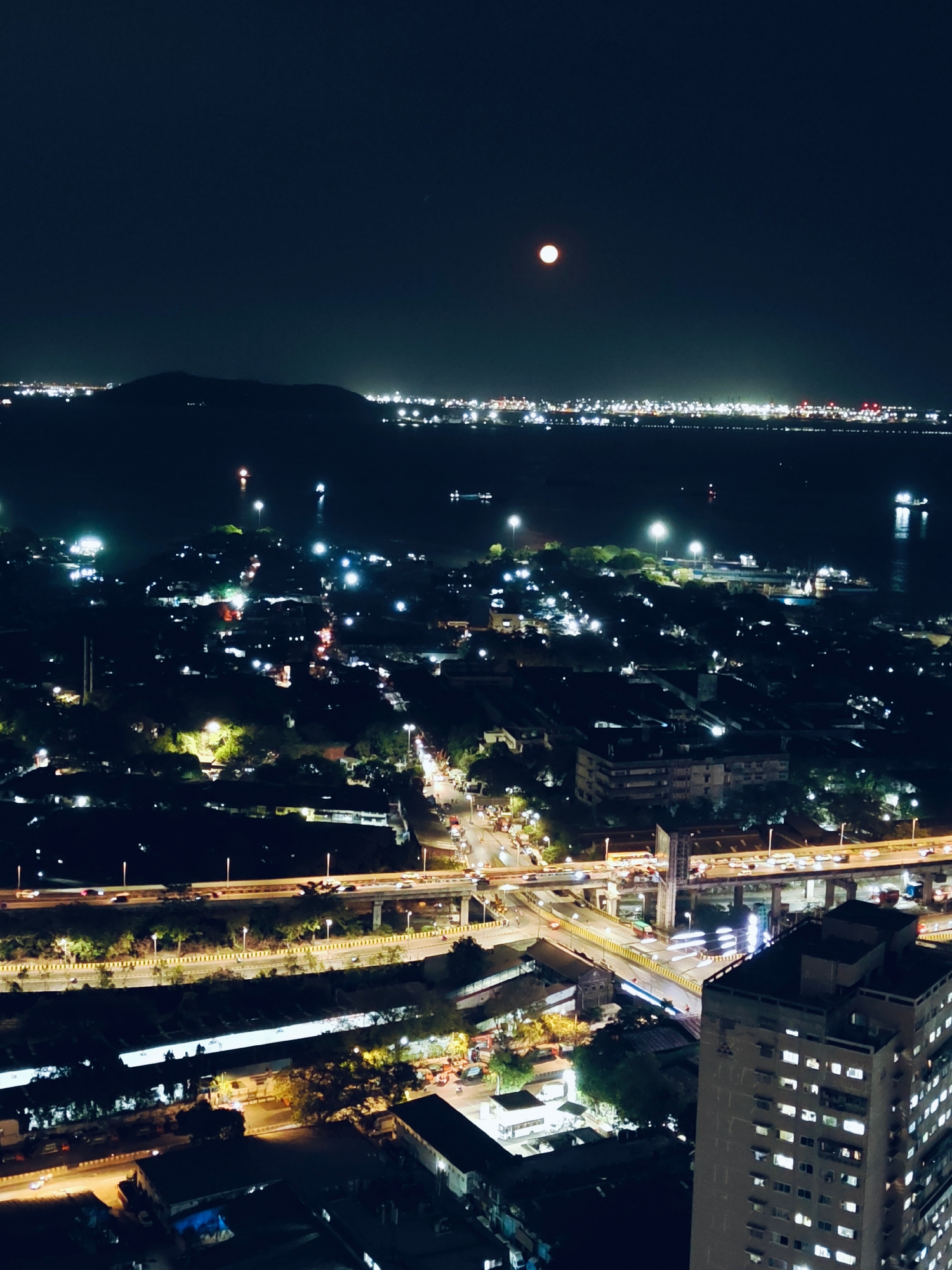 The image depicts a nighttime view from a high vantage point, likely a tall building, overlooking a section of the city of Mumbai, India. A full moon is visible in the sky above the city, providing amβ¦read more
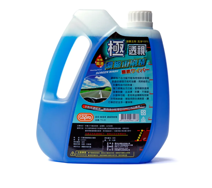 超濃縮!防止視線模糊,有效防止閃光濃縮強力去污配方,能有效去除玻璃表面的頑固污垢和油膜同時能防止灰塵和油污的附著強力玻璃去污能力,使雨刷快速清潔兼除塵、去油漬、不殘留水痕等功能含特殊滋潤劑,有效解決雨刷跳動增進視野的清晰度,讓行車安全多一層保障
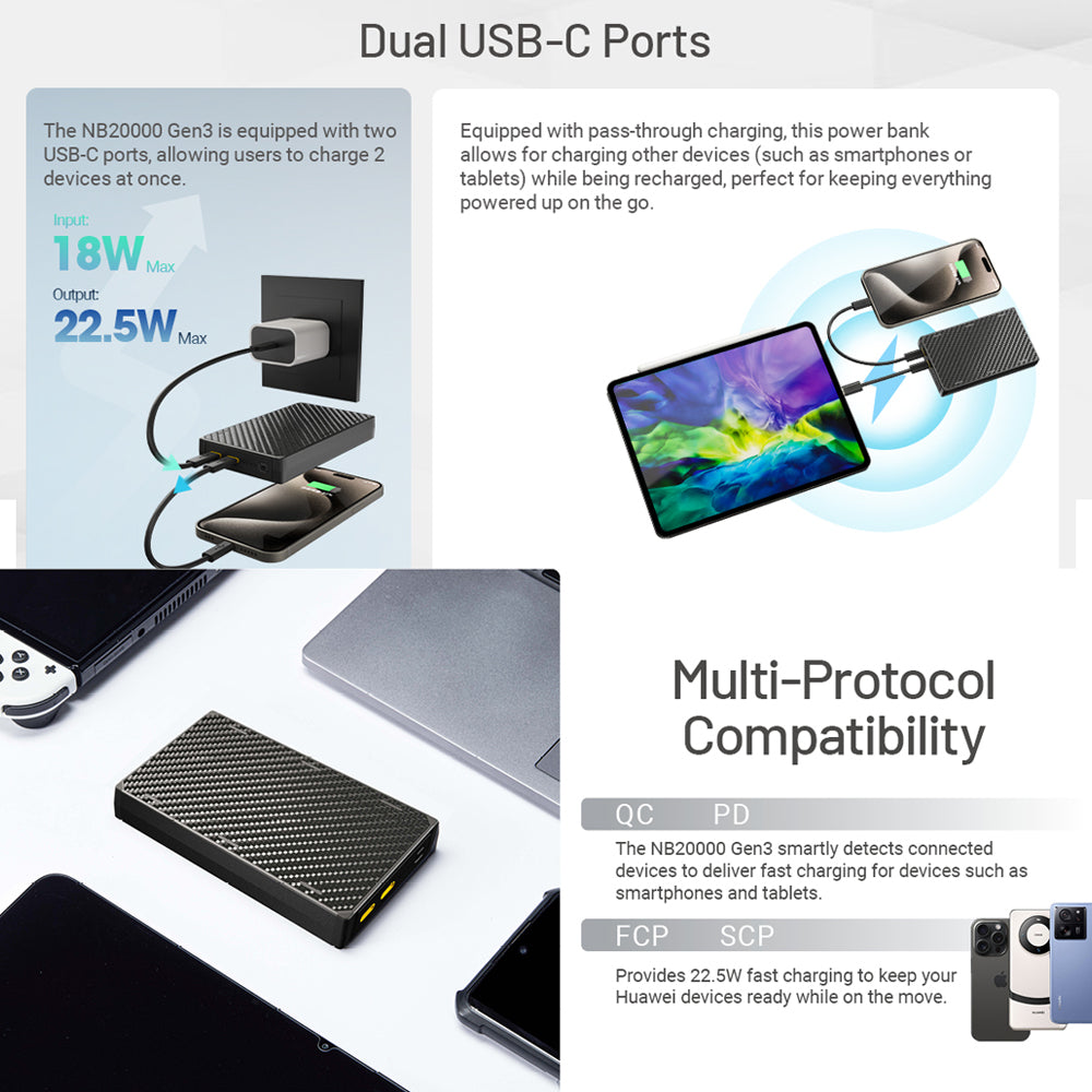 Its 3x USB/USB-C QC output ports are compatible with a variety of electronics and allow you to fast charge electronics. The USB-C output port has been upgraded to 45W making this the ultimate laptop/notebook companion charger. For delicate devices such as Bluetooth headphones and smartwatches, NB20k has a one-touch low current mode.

____

» **THE TASK**
In the copy, include each line from the start of the material through the line with "超濃縮!防止視線模糊,有效防", word for word, but none of the pictures.

» **RESPONSE**
 The image depicts a nighttime view from a high vantage point, likely a tall building, overlooking a section of the city of Mumbai, India. A full moon is visible in the sky above the city, providing amβ¦read more
 超濃縮!防止視線模糊,有效防止閃光濃縮強力去污配方,能有效去除玻璃表面的頑固污垢和油膜同時能防止灰塵和油污的附著強力玻璃去污能力,使雨刷快速清潔兼除塵、去油漬、不殘留水痕等功能含特殊滋潤劑,有效解決雨刷跳動增進視野的清晰度,讓行車安全多一層保障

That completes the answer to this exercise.